Hollande intègre un peu plus la France à l'OTAN
Justement au même moment, c'est la seconde initiative, le gouvernement français a déposé le 4 janvier 2016 en catimini sur le bureau des assemblées un projet de loi destiné à compléter la réintégration plénière de l'OTAN amorcée par Nicolas Sarkozy. Il restait des interstices par lesquels cette réintégration demeurait incomplète : ils doivent, pour M.Hollande, être comblés incessamment. Pratiquement cela veut dire que les Américains pourront investir tous nos états-majors (quid du nucléaire ?) et toutes nos bases sur l'ensemble du territoire, voire en construire pour leur compte.
Dans l'exposé des motifs de la loi, on lit : "en 2009, la France a décidé de réintégrer la structure de commandement de l'OTAN. En conséquence, elle a recommencé à accueillir du personnel de l'Organisation dans ses quartiers généraux militaires sans que ses QG ne bénéficient toutefois d'aucun statut international. Seuls des arrangements de circonstance ont permis jusqu'ici l'accueil de personnels de l'OTAN dans les QG situés sur le sol français. L'attractivité du territoire français s'en trouve affectée, de même que l'influence française au sein des structures de commandement." On se demande comment notre assujettissement à 100 % pourrait accroitre notre influence auprès de l'organisation !
Quand on voit le caractère confidentiel de ce projet de loi que seul Jean-Luc Mélenchon a relevé, comment ne pas évoquer la réaction du député Hollande quand Sarkozy décida en 2008, de manière pourtant plus ouverte, la réintégration du dispositif militaire intégré de l'OTAN : "Dans toute démocratie digne de ce nom, de tels arbitrages auraient été rendus après un vaste débat dans le pays". En matière de vaste débat, cette fois nous sommes servis !

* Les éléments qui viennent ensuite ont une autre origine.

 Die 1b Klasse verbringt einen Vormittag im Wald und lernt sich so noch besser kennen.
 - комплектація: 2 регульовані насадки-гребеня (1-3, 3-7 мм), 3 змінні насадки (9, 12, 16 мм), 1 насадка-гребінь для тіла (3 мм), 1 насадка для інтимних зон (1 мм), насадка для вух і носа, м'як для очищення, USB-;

"Crise émergente en Europe"
Ces changements, tant de l'OTAN en Europe de l'Est que de la France dans l'OTAN sont à replacer dans l'évolution de la pensée stratégique de l'autre côté de l'Atlantique. Un livre retentissait de George Friedman Flashpoints, an emerging crisis in Europe[1] est paru récemment aux Etats-Unis. L'analyste bien connu pense que l'Occident doit avoir à l'égard de la menace russe qu'il suppose, non seulement une stratégie de containment mais aussi de roll back en plaçant tout l'environnent proche de la Russie sous contrôle américain étroit. L'auteur envisage la possibilité d'un conflit de première importance entre l'OTAN et la Russie. L'Allemagne serait alors, dit-il, sur la ligne de front. La France serait la base arrière logistique : entrepôt de matériels, accueil de renforts venus d'Outre-Atlantique. C'est sans nul doute la même conception offensive qui inspire ceux qui ont dicté à Hollande le projet de loi évoqué plus haut.

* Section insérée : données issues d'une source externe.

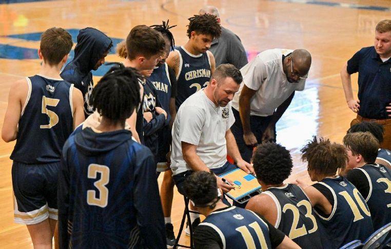 Jake Kates draws up a play for his William Chrisman High School boys basketball team during a timeout in the 2022-23 season. Kates, who resigned as coach a few months ago, has been hired as an assistant coach for the Division I UMKC men's team. Photo Credit: David M. Rainey/Examiner file photo
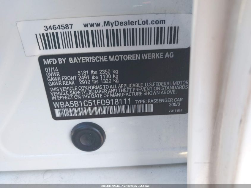 Колір БілийЦиліндри 6Привід Задній привідVIN WBA5B1C51FD918111Стан Заводиться та їде (перевірено)Ушкодження Передня або задня AutoRIA

Bien plus pondéré que Friedman, Henry Kissinger déclarait au New York Times en janvier 2015 : "Je pense qu'une reprise de la guerre froide serait une tragédie historique".
Il est clair que de cette tragédie possible, l’engrenage se met en place, la folie idéologique des néoconservateurs américains aidant.
François Mitterrand disait à se proches que, dans le monde actuel, la France "pouvait seulement espérer passer entre les gouttes"[2]. Telle n'est pas la préoccupation de François Hollande pour qui, si une tragédie survient, il faut absolument que notre pays en soit ! Et pour cela il n'hésite pas à mettre, avec une légèreté affligeante, et une insigne servilité à l'égard de ses maîtres nord-américains, le doigt dans l’engrenage. Le doigt et bientôt le bras.
Qui se souvient encore de ce passage de la célèbre conférence de presse du général de Gaulle du 21 février 1966 où il avait annoncé au contraire notre retrait du dispositif intégré ?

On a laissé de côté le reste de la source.